Learn chaos engineering for Kubernetes without scrubbing through videos or documentation. Educative’s text-based courses are easy to skim and feature live coding environments, making learning quick and efficient.
Now, we apply that definition to our cluster inside the go-demo-8
Namespace. This will get our application up and running as a Pod.
kubectl --namespace go-demo-8 apply --filename k8s/terminate-pods/pod.yaml
Now it’s time to apply some damage and destroy our application!

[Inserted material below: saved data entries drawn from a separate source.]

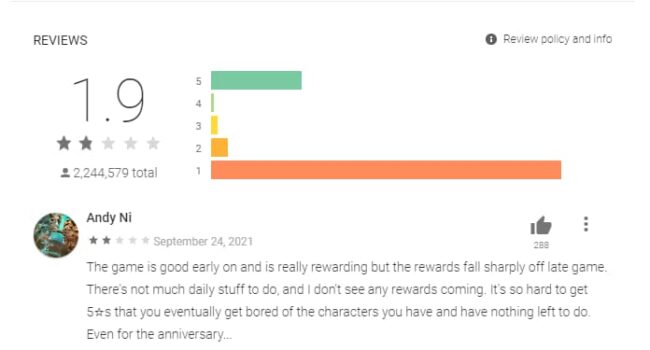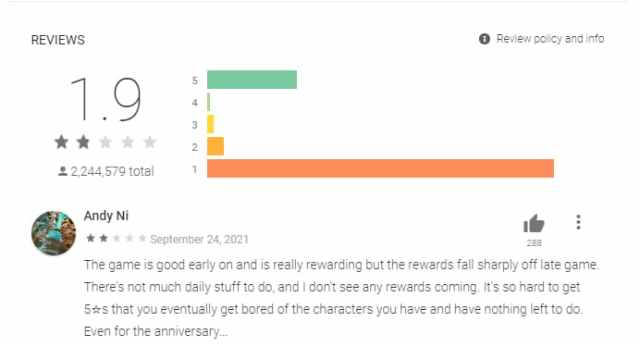 If you go through the one-star reviews, you can see they are relatively new and all have one thing in common — Genshin Impact anniversary and miHoYo’s stingy practices when it comes to rewards.
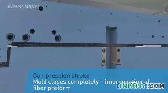 注膠結束后將模具完全閉合,閉合過程中模具進一步擠壓注射樹脂,使其充滿并浸潤碳纖維增強材料,并在高溫高壓作用下快速固化。
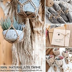 BEST TWINE ROPE FOR CRAFTS – Perfect thickness jute rope for a craft project. Best use in Arts and Crafts, wrapping gifts, and gardening yard.
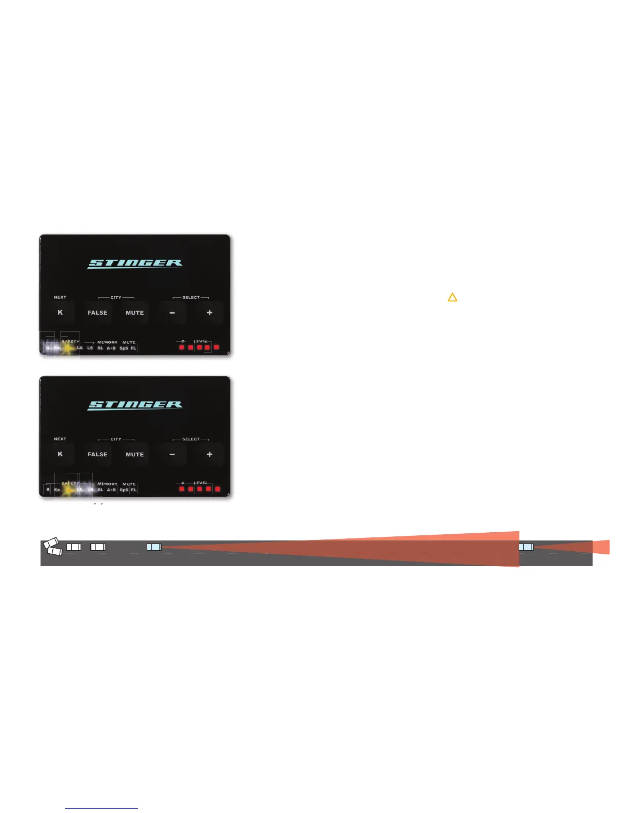 A vehicle equipped with a Stinger with Laser that has to suddenly hit the brakes, can instantly give following cars with Stinger Laser an
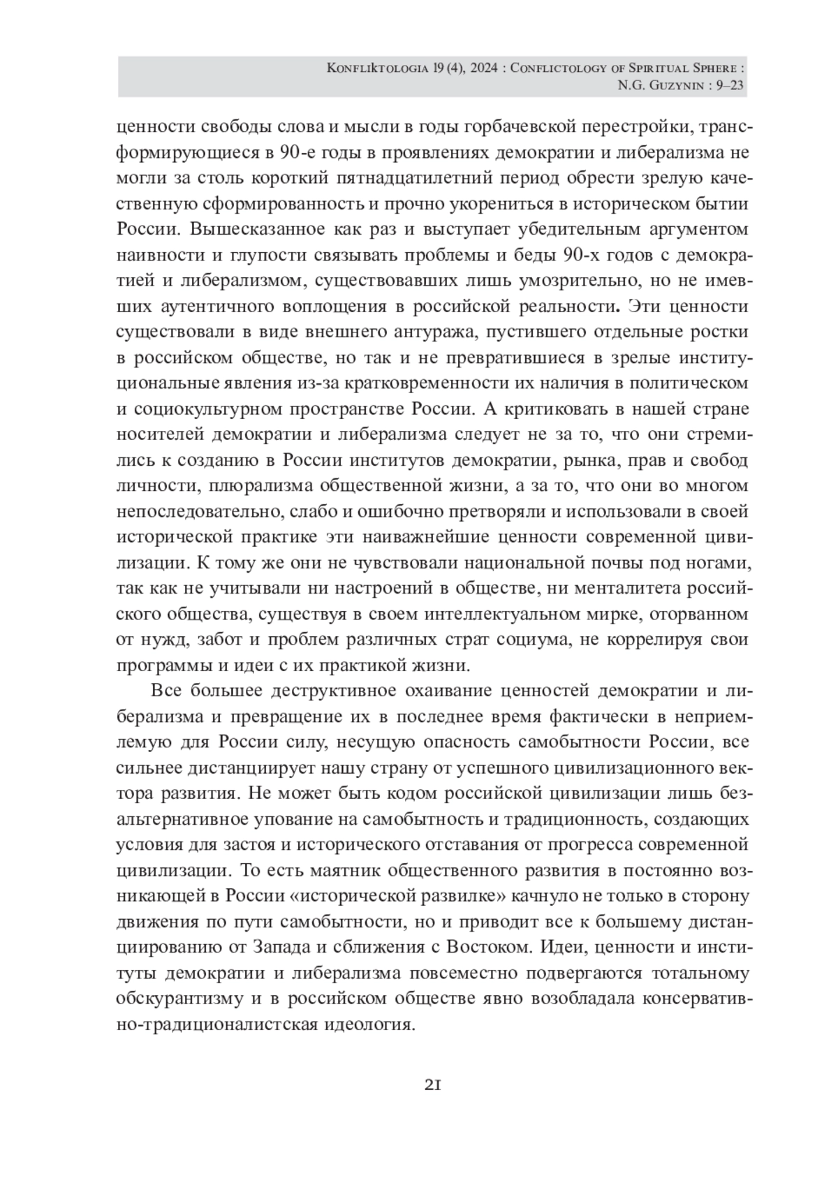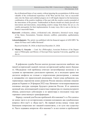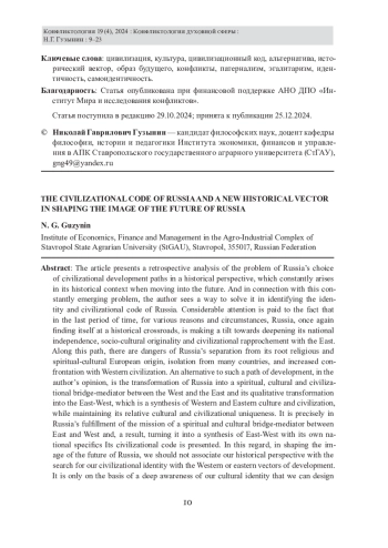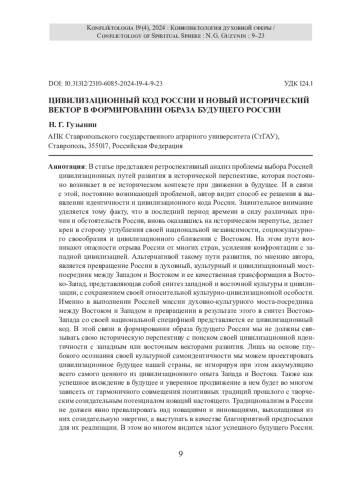 В статье представлен ретроспективный анализ проблемы выбора Россией цивилизационных путей развития в исторической перспективе, которая постоянно возникает в ее историческом контексте при движении в будущее. И в связи с этой, постоянно возникающей проблемой, автор видит способ ее решения в выявлении идентичности и цивилизационного кода России. Значительное внимание уделяется тому факту, что в последний период времени в силу различных причин и обстоятельств Россия, вновь оказавшись на историческом перепутье, делает крен в сторону углубления своей национальной независимости, социокультурного своеобразия и цивилизационного сближения с Востоком. На этом пути возникают опасности отрыва России от многих стран, усиления конфронтации с западной цивилизацией. Альтернативой такому пути развития, по мнению автора, является превращение России в духовный, культурный и цивилизационный мост-посредник между Западом и Востоком и ее качественная трансформация в Востоко-Запад, представляющая собой синтез западной и восточной культуры и цивилизации, с сохранением своей относительной культурно-цивилизационной особости. Именно в выполнении Россией миссии духовно-культурного моста-посредника между Востоком и Западом и превращении в результате этого в синтез Востоко-Запада со своей национальной спецификой представляется ее цивилизационный код. В этой связи в формировании образа будущего России мы не должны связывать свою историческую перспективу с поиском своей цивилизационной идентичности с западным или восточным векторами развития. Лишь на основе глубокого осознания своей культурной самоидентичности мы можем проектировать цивилизационное будущее нашей страны, не игнорируя при этом аккумуляцию всего самого ценного из цивилизационного опыта Запада и Востока. Также как успешное вхождение в будущее и уверенное продвижение в нем будет во многом зависеть от гармоничного совмещения позитивных традиций прошлого с творческим созидательным потенциалом новаций настоящего. Традиционализм в России не должен явно превалировать над новациями и инновациями, выхолащивая из них созидательную энергию, а выступать в качестве благоприятной предпосылки для их реализации. В этом во многом видится залог успешного будущего России.
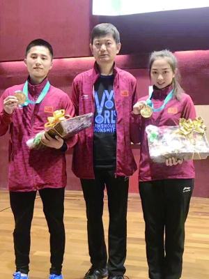 陈克多(左一)和慈溪运动员徐红获得冠军后合影
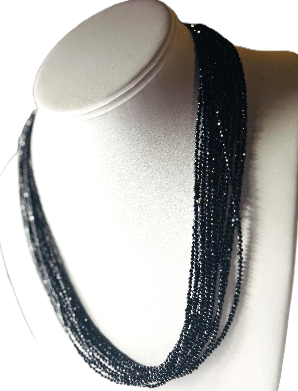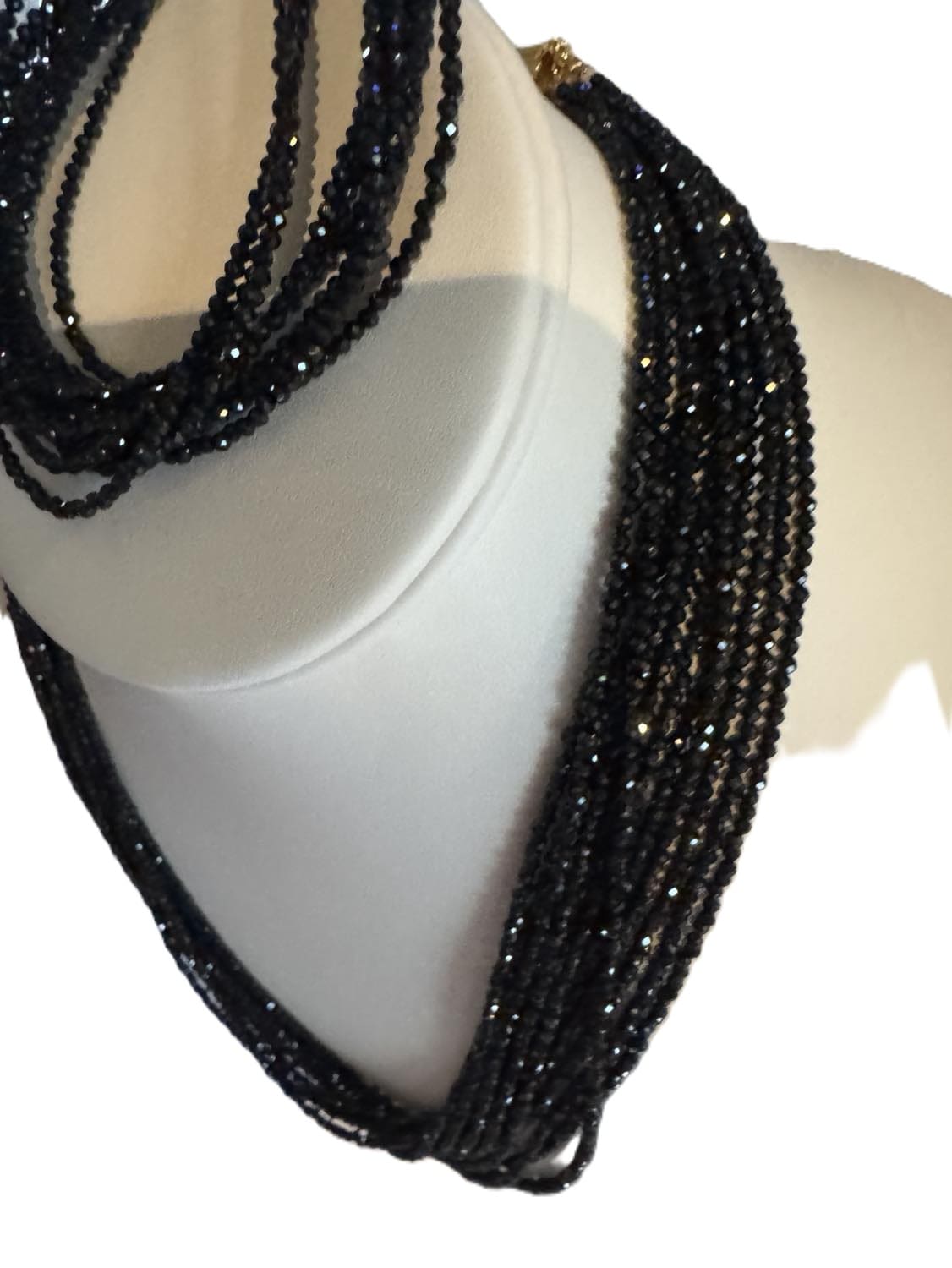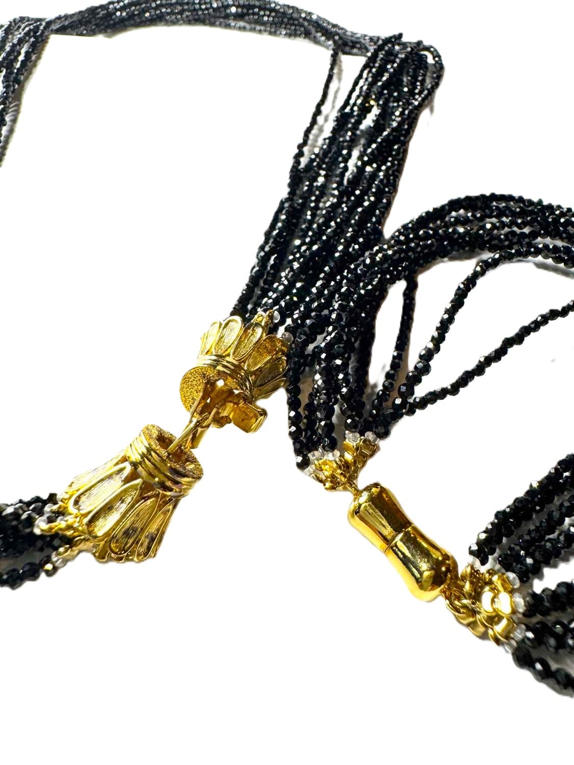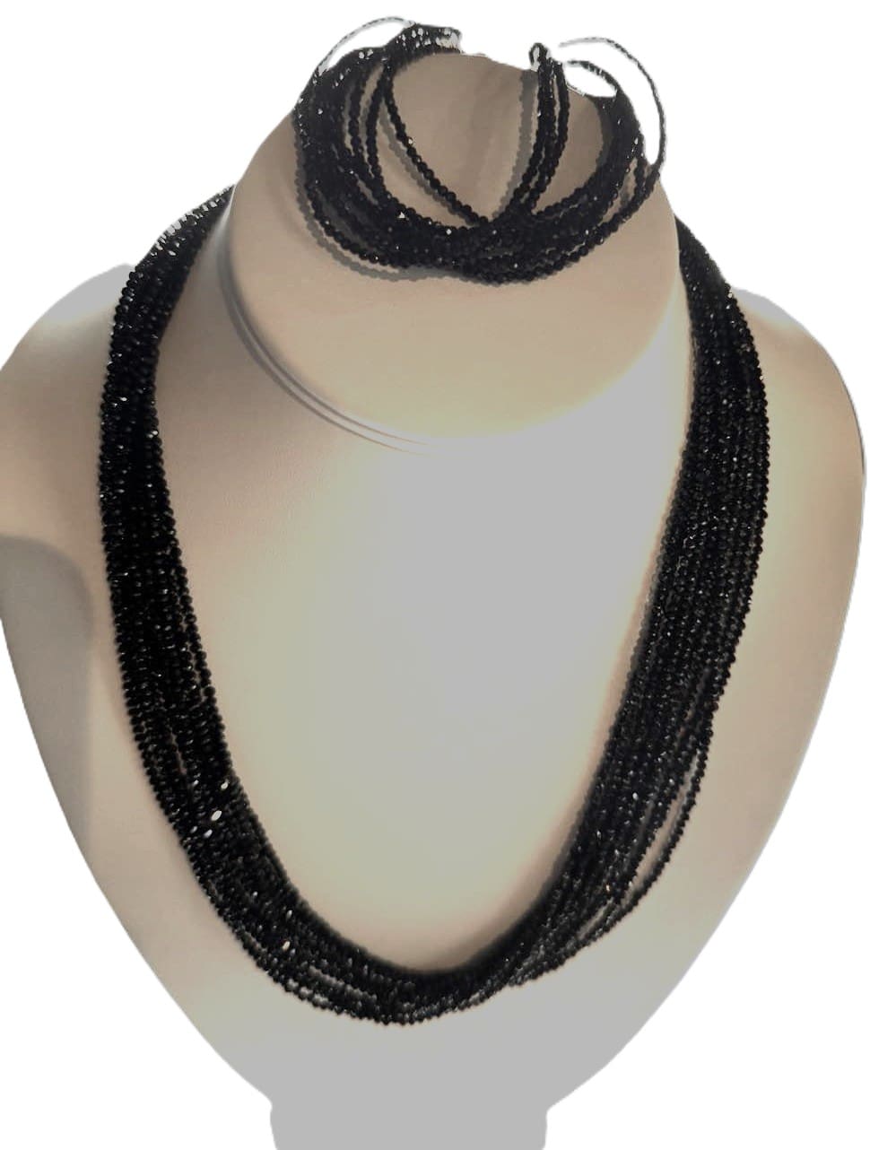 Beautifully bold, necklace features an impressive show of a whole black spinel 10/12 strands that add drama to any outfit. Set in sterling silver with gold plating. This necklace has French backing that could be worn in front. Necklace length is 20.5 inches, bracelet has magnetic closure , size 7.

To perform chaos experiments to our application, we can use the Chaos Toolkit plugin for Kubernetes. This toolkit does not support Kubernetes out-of-the-box. We need a plugin for features beyond basic out-of-the-box features. Let’s install a Kubernetes plugin using pip
.
pip install -U chaostoolkit-kubernetes
Note: Explore the Chaos Toolkit plugin using the
discover
command to see all its features, options, and arguments.
Let’s start destroying stuff. Look at the first definition that we will use, located in the chaos
directory, in the fileterminate-pod.yaml
.
cat chaos/terminate-pod.yaml
This gives us the following output:
version: 1.0.0
title: What happens if we terminate a Pod?
description: If a Pod is terminated, a new one should be created in its places.
tags:
- k8s
- pod
method:
- type: action
name: terminate-pod
provider:
type: python
module: chaosk8s.pod.actions
func: terminate_pods
arguments:
label_selector: app=go-demo-8
rand: true
ns: go-demo-8
Now that we have seen the definition, let’s run terminate-pod.yaml
.
chaos run chaos/terminate-pod.yaml
The output is as follows:
[... INFO] Validating the experiment's syntax
[... INFO] Experiment looks valid
[... INFO] Running experiment: What happens if we terminate a Pod?
[... INFO] No steady state hypothesis defined. That's ok, just exploring.
[... INFO] Action: terminate-pod
[... INFO] No steady state hypothesis defined. That's ok, just exploring.
[... INFO] Let's rollback...
[... INFO] No declared rollbacks, let's move on.
[... INFO] Experiment ended with status: completed
After the initial validation, it ran the experiment called What happens if we terminate a Pod?
and found that there is no steady state hypothesis defined
. Judging by the output, there is one action terminate-pod
.
Next, it went back to the steady state hypothesis
and determined that there is none. Then, it tried rollback
, and it found out that it could not. All we have done so far is execute an action to terminate a Pod. We can see the result in the last line: experiment ended with status: complete
.
Now, let’s output the exit code of the previous command. If we get 0
, this means success in Linux. Those exit codes tell the system whether it’s a failure or a success!
Now, let’s take a look at the Pods in our Namespace.
kubectl --namespace go-demo-8 get pods
The output states that no resources
were found in go-demo-8 namespace
.
We deployed the single Pod and ran an experiment that destroyed it. We did not do any validations. We executed a single action to terminate a Pod, which was successful.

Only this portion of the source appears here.